United Kingdom Swansea Festival 2015 – Wagner, Elgar, Beethoven: Thomas Carroll (cello), Dresden Philharmonic / Michael Sanderling (conductor), Brangwyn Hall, Swansea, 17.10.2015. (NR)
Wagner: Overture, Die Meistersinger
Elgar: Cello Concerto
Beethoven: Symphony no. 3, ‘Eroica’
The Swansea Festival closed with the Dresden Philharmonic, under the impressive Michael Sanderling, playing a popular but nonetheless demanding programme: mainstream German repertoire from which the audience expected – and received – performances direct from the blood, as it were, and conversely Elgar, whose music is increasingly frequently played by Continental orchestras and invested as a result with interesting questions about its ‘Englishness’.
In the Meistersinger overture the double basses were particularly strong, and it was intriguing to see the re-arrangement of forces for Beethoven in the second half, with the basses placed on the conductor’s extreme left, the cellos in the middle, in front of the woodwinds, and the second violins where the cellos and basses would normally be.
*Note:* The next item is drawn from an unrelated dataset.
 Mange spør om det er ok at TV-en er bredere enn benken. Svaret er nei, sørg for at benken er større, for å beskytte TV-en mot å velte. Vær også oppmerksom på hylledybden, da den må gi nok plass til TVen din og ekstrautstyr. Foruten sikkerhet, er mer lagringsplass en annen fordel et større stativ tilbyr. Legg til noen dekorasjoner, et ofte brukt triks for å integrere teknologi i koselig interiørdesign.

I wasn’t quite sure how this affected the sound in the Eroica, but the weight, tightness and precision were never in doubt. Everything in this extraordinary work seemed fresh: I found myself wondering how its first audiences would have reacted to music of a kind they would never previously have experienced, from the repeated-note motifs used so variously, through the frighteningly abrupt rhythmic plunges in the scherzo, to the way the apparently broken fragments at the opening of the finale miraculously glue themselves together. We’re still just catching up with it, really. A bit too quickly after the close of this the orchestra played the last section of the William Tell overture as an encore – brilliantly done, but I could have done without it, with the last chords of the Eroica still somewhere in my head.
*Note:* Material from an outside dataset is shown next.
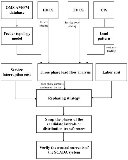 To solve the phase unbalancing problem of distribution feeders, the following procedures are applied to Taipower’s distribution systems and the flowchart of the phase-swapping work is illustrated in Figure 6.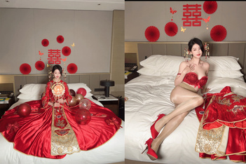 網紅辛尤里新作,新娘穿著婚紗偷情泄密,成為我的精盆!

At the concert’s centre was local returnee Thomas Carroll’s rendition of Elgar’s Cello Concerto – perceptive, beautiful, and subtly accompanied. In the famous slow movement he discovered a lightness, even a kind of optimism that more lugubrious performances gloss over – and as a result the reprise-effects in the finale had more grandeur and pathos than one sometimes finds. It was good to hear the work shorn of that English autumn effect, if I could put it like that, that can often be rather routinely washed on to the music – I wonder if an orchestra of this calibre could ever be enticed to play Moeran, or Bax, or Finzi?